Affecting up to 12% of school age children, students with the learning disabilities designated as dyslexia, dysgraphia, and oral and written language learning disability (OWL LD) are characterized by impaired abilities in oral language, reading, handwriting, spelling, and writing. While experts aren’t sure what causes these disabilities, they to tend to run in families, and affect the areas of the brain associated with processing language. Difficulty with reading and spelling is connected to problems relating letters and words to their corresponding speech sounds, a process known as decoding.
Although many of these students struggle academically due to their disability, it is important to note that individuals with dyslexia have normal intelligence and vision. Furthermore, they typically possess significant strengths and abilities, such as expansive creative abilities, that are often overlooked or misunderstood.
While there isn’t a cure for dyslexia, early identification, assessment, and intervention can help students thrive in the classroom. Teachers often play an important role in identifying the signs and symptoms of dyslexia when they become more obvious, usually during the elementary school years as students learn to read and write. The severity of symptoms varies from child to child, but there are certain signs teachers can look out for.
Dyslexia Symptoms in the Classroom
The following are some of the most common symptoms of dyslexia that appear in a classroom setting. However, these signs may not be evident in all individuals with dyslexia, and this list does not include all possible symptoms.
Difficulty Spelling and Reading
As students learn to read, they may make seemingly random guesses at words based on word shape. They might also reverse letters while learning to write, such as writing “d” instead of “b.” While all children occasionally reverse letters during the early stages of learning to write, the problem persists beyond the second or third grade in students with dyslexia. Understanding words with multiple syllables is also difficult for students with dyslexia. Other common signs include misreading short words, such as “a” and “as,” and “then” and “there.” Students with dyslexia often rely on spelling words phonetically, making homophones particularly tricky.
Poor Memory Recall
Memorizing non-personal facts can be difficult for many children with dyslexia. In addition, they may struggle with memorizing a sequence of steps, especially when there is no logic involved, and with number sequences, phone numbers, multiplication tables, the alphabet, and more. However, facts that are personally relevant, such as their own address and phone number, are often non-issues.
This is one of the most obvious signs teachers can look for in the classroom. Students frequently deal with dysgraphia, or difficulty writing. They struggle with staying in the lines and writing letters consistently. Because individuals with dyslexia often have weak fine motor skills, watch for abnormal pencil grip and students who move their whole arm to write rather than their fingers. They might also hold their arm or wrist in an awkward position while writing.
Students with dyslexia also struggle to differentiate directional differences, such as left and right, top and bottom, and more.
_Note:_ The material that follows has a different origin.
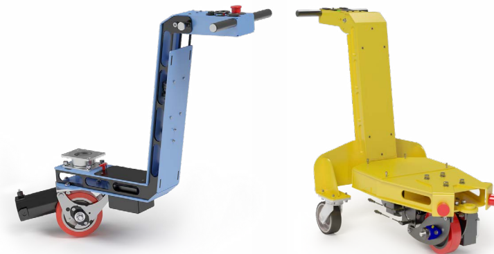
CONVERSION DRIVE CASTER

It is difficult for them to understand these abstract concepts, which often results in the letter reversals covered above. Or, for example, if students are supposed to write their name in the top-right corner of a page and they frequently write it elsewhere, they may struggle with understanding directional differences. The term “directional dyslexia” is often used to describe these issues.
Struggles with Math
Many children with dyslexia struggle with mathematics skills, due to the memorization and sequential processing weaknesses associated with this learning disability. In older students, algebra can be particularly problematic because it mixes both letters and numbers. In addition, students with dyslexia will have difficulty understanding word problems. Reading comprehension is hard for them, so they may not understand what they’re being asked to do.
Strengths of Students With Dyslexia
Research using magnetic resonance imaging (MRI) has revealed differences not only in sizes of portions of the left and right hemispheres of the brain, but differences in the corpus callosum, a band of nerve fibers connecting the two hemispheres which is much larger in dyslexics. These neurological differences seem to account for some significant strengths individuals with dyslexia often display. According to The Yale Center for Dyslexia & Creativity, children and adults with dyslexia are highly creative and have many cognitive and emotional strengths. One example is improved pattern recognition. Individuals with dyslexia are great at understanding complex systems and identifying similarities among groups. They often have strong spatial reasoning, and are able to mentally manipulate 3-D objects and understand the relationship between shapes. They also have enhanced picture recognition memory and an intuitive approach to problem solving.
It’s important for teachers to understand a student with dyslexia as a whole person, with strengths as well as weaknesses. For example, teachers can identify tasks students are good at and acknowledge them during one-on-one instruction, as well as encouraging them to use outside-the-box thinking when it comes to problem solving. Teachers can also provide alternative ways of accessing information, such as visual displays and graphic organizers.